We would like to ascertain when averages of a sequence of IID random variables converge in probability to the expectation, $\mu$ , of each random variable in the sequence. We need will need Chebyshev’s inequality, which we derive from a simpler, but more general result, Markov’s inequality.

Proposition 9.2.1.

(Markov’s Inequality) If $V$ is a non-negative random variable then for any $a>0$ ,

\displaystyle\operatorname{\mathsf{P}}\left({V\geq a}\right)\leq\frac{% \operatorname{\mathsf{E}}\left[{V}\right]}{a}.

Proof.

We will assume that $V$ is a continuous random variable; an almost identical proof holds for a discrete rv, with sums instead of integrals.

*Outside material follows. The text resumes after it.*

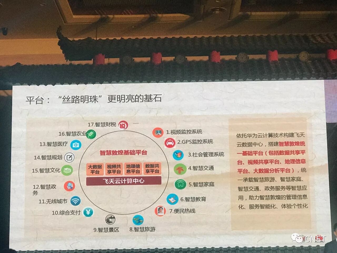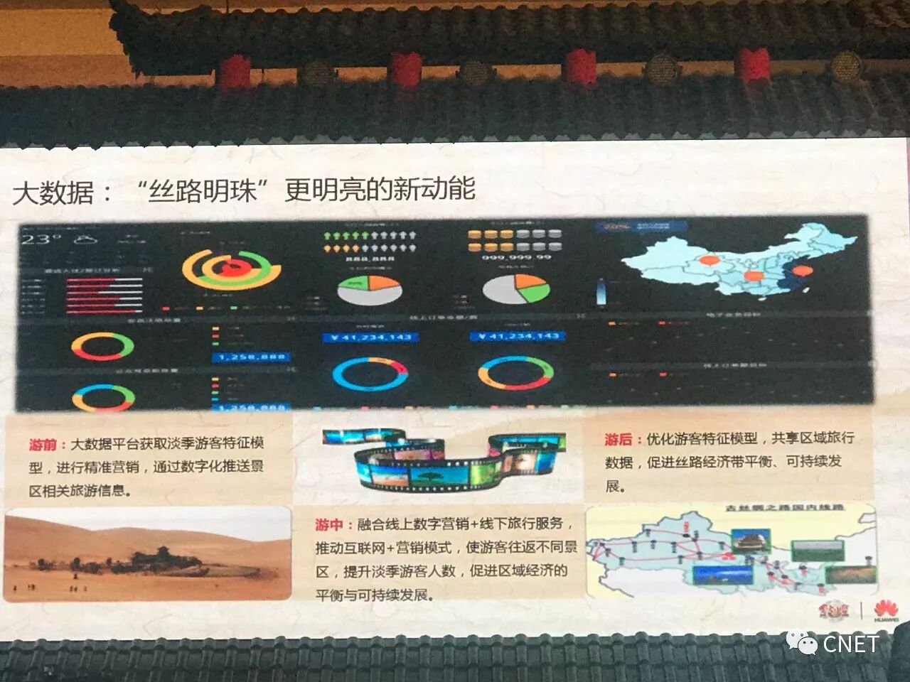 华为解决了这些难题。2016年3月,敦煌市与华为签署战略合作协议,启动以智慧旅游为核心的智慧敦煌建设,计划依托集云存储、云计算于一体的“飞天”云计算中心,推动信息化基础设施、市民服务、游客服务、政府治理等方面建设。时隔一年,敦煌交出一份可观的答卷:2016年敦煌游客年增长30%以上,旅游产业GDP占比超过50%。

Let $V$ have density function $f(v)$ , then for any $a>0$ ,

	$\displaystyle\operatorname{\mathsf{E}}\left[{V}\right]$	$\displaystyle=\int_{0}^{\infty}tf(t)\,\mathrm{d}t$
		$\displaystyle\geq\int_{a}^{\infty}tf(t)\,\mathrm{d}t$
		$\displaystyle\geq\int_{a}^{\infty}af(t)\,\mathrm{d}t$
		$\displaystyle=a\int_{a}^{\infty}f(t)\,\mathrm{d}t$
		$\displaystyle=a\operatorname{\mathsf{P}}\left({V\geq a}\right).$

∎

Quiz: Why do the inequalities hold? $tf(t)\geq 0$ , $a>0$ ; $t\geq a$ .

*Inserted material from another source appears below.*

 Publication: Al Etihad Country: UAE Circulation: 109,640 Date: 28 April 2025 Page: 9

For a random variable $Y$ with $\operatorname{\mathsf{E}}\left[{Y}\right]=\mu$ , setting $V=(Y-\mu)^{2}$ and $a=\epsilon^{2}$ gives $\operatorname{\mathsf{P}}\left({(Y-\mu)^{2}\geq\epsilon^{2}}\right)\leq\sigma^% {2}/\epsilon^{2}$ , i.e.

Corollary 9.2.2.

(Chebyshev’s Inequality) If $Y$ is a random variable with expectation $\mu$ and variance $\sigma^{2}<\infty$ then for any $\epsilon>0$ ,

\displaystyle\operatorname{\mathsf{P}}\left({|Y-\mu|>\epsilon}\right)\leq\frac% {\sigma^{2}}{\epsilon^{2}}.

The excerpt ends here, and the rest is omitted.